Ершов в этот день не получил писем. Да он и не ждал. Просто не от кого ему было получать. Родился он в блокадном Ленинграде голодным летом сорок второго, родителей своих не помнил, на память от них осталось ему только редкое имя Руслан. Рос и воспитывался в детдоме, но не в том хорошем детдоме, связь с которым сохраняется потом на всю жизнь, а в самом обыкновенном, среднем, и покинул его, когда настало время, без особого сожаления, даже с радостью.

Так что письма приходили ему лишь от товарищей по работе, служивших теперь, как и он, в армии, приходили редко, да и что это были за письма: «У меня все по-старому. Служба идет хорошо, чего и тебе желаю...»

Солдаты частенько подшучивали над ним, их веселило и удивляло то, что он всерьез мечтает о цирке.

— Ерш, а Ерш, — спрашивали его, — ты что, клоуном будешь?

— Ерш, а Ерш, а клоунам много платят?

Обычно Ершов не обижался на такие шутки.

Смеялся вместе со всеми, а иногда даже показывал что-нибудь из своего акробатического репертуара: бегал на руках, кувыркался, а то даже делал самое настоящее сальто.

Но порой на него словно находило что: он злился, подолгу молчал и раздражался из-за каждого пустяка. Как-то, в один из таких дней, солдаты разыграли его. Он был тогда еще новичком на станции, и Юрий Снегирев дал ему большую тряпку и велел забраться на крышу протирать антенну. «А то грязи много накопилось, видел, сколько помех давеча было на экране...» Ершов взял тряпку, послушно полез на плоскую крышу и терпеливо протирал огромную антенну, а солдаты в аппаратной покатывались со смеху.

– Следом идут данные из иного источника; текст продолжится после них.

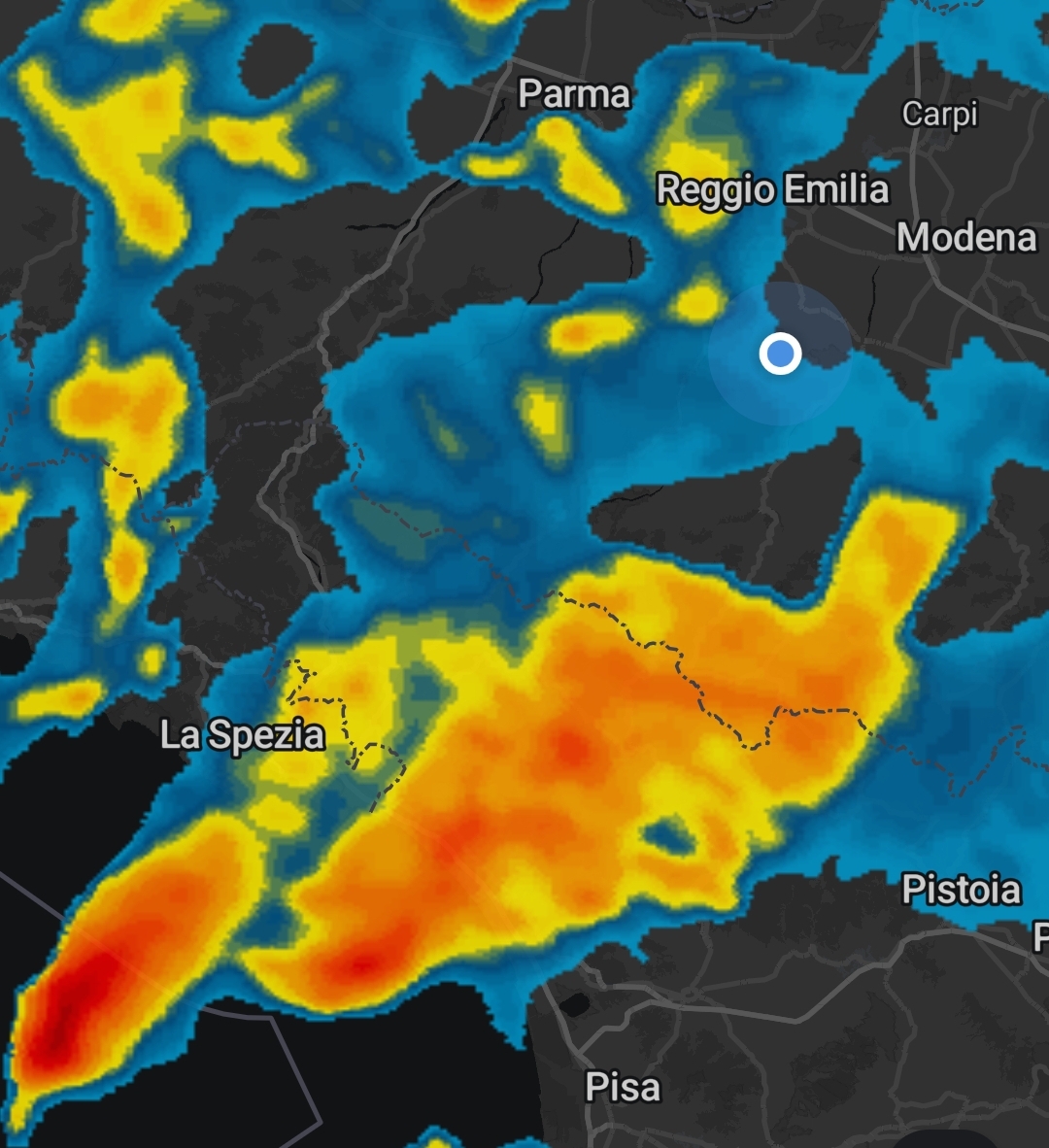 Nuovo e forte impulso temporalesco in discesa dell'Appennino.
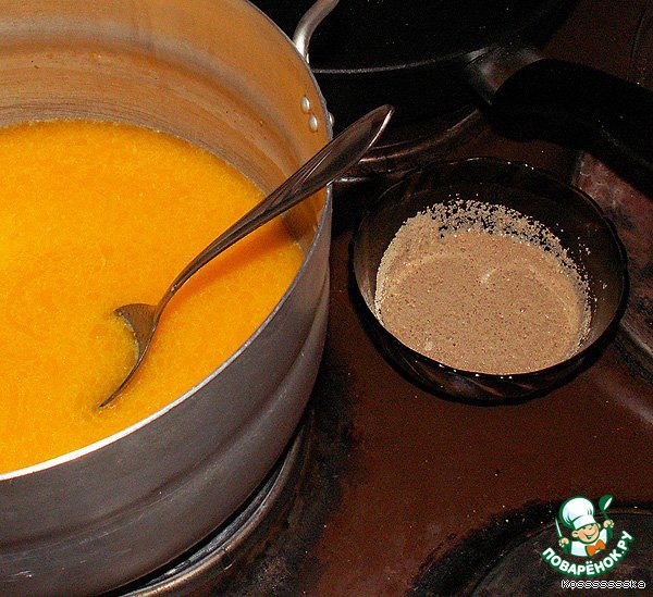 Посыпаем сверху мукой, закрываем кастрюлю крышкой и ставим в теплое место (я - в наполненную горячей водой ванну). Первый подмес подходит где-то час, и пока можно заниматься начинкой.

Когда Ершов вернулся и понял, что его разыграли, он вдруг пришел в бешенство и бросился с кулаками на Снегирева. Его удержали, схватили за руки, он вырывался, извиваясь всем телом, пытаясь своей большой лобастой головой ударить Юрия в подбородок.

На другой день они помирились, вернее, оба сделали вид, что ничего не произошло.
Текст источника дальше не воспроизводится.